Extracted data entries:

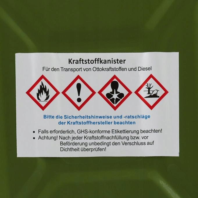 Если вы хотите заправлять или хранить бензин, дизельное топливо или масло, эта прочная металлическая канистра станет для вас правильным выбором. Бидон вмещает до 10 литров и оснащен практичной ручкой для удобства транспортировки. Плотный байонетный замок гарантирует, что топливо не вытечет из запасной канистры в любом положении. Кроме того, предохранительный штифт предотвращает непреднамеренное открытие застежки.
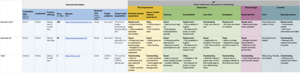Competitive audit spreadsheet of two direct competitors, Asexual Cupid and Asexuals.net, and an indirect competitor, Taimi.
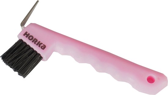 Handige hoevenkrabber met stevige metalen haak en ingebouwde borstel. Ideaal voor het snel en effectief schoonmaken van hoeven.
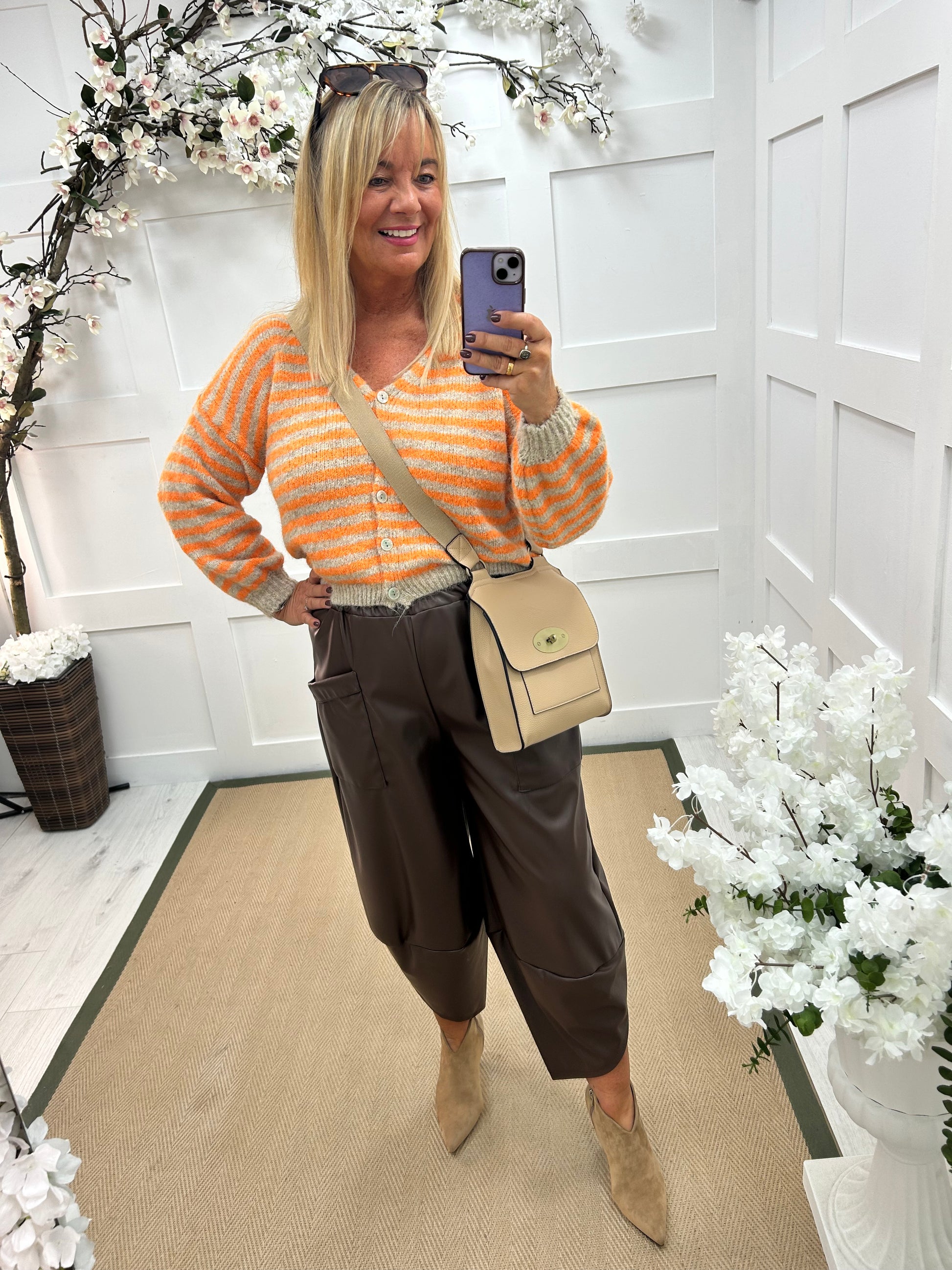 Drew: Brown faux leather cocoon trousers. One size: 12-18
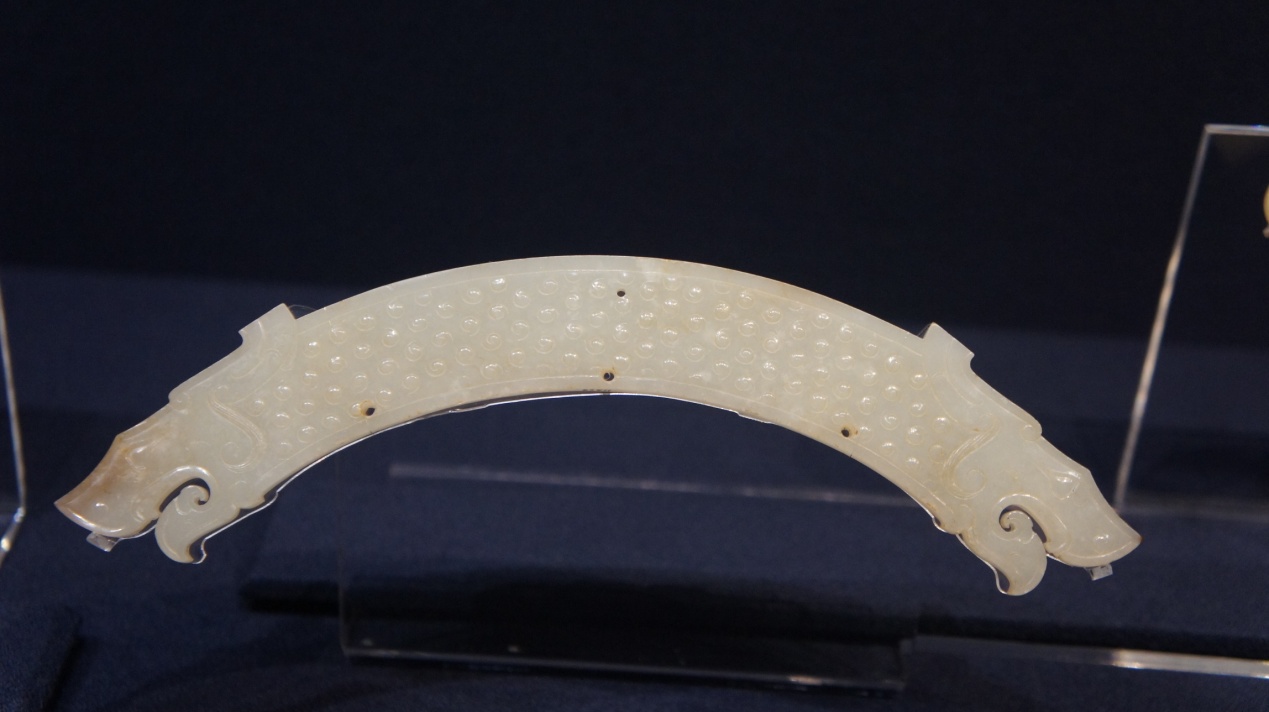 圖為湖北荊州出土楚國(guó)玉佩:二龍拱璧,載人升天,攝于荊州博物館,距今2400年

[EXERCISE REQUIREMENTS]:
Return all of the entries word for word, but omit the pictures.

[SOLUTION TO THIS EXERCISE]:
 Если вы хотите заправлять или хранить бензин, дизельное топливо или масло, эта прочная металлическая канистра станет для вас правильным выбором. Бидон вмещает до 10 литров и оснащен практичной ручкой для удобства транспортировки. Плотный байонетный замок гарантирует, что топливо не вытечет из запасной канистры в любом положении. Кроме того, предохранительный штифт предотвращает непреднамеренное открытие застежки.
Competitive audit spreadsheet of two direct competitors, Asexual Cupid and Asexuals.net, and an indirect competitor, Taimi.
 Handige hoevenkrabber met stevige metalen haak en ingebouwde borstel. Ideaal voor het snel en effectief schoonmaken van hoeven.
 Drew: Brown faux leather cocoon trousers. One size: 12-18
 圖為湖北荊州出土楚國(guó)玉佩:二龍拱璧,載人升天,攝于荊州博物館,距今2400年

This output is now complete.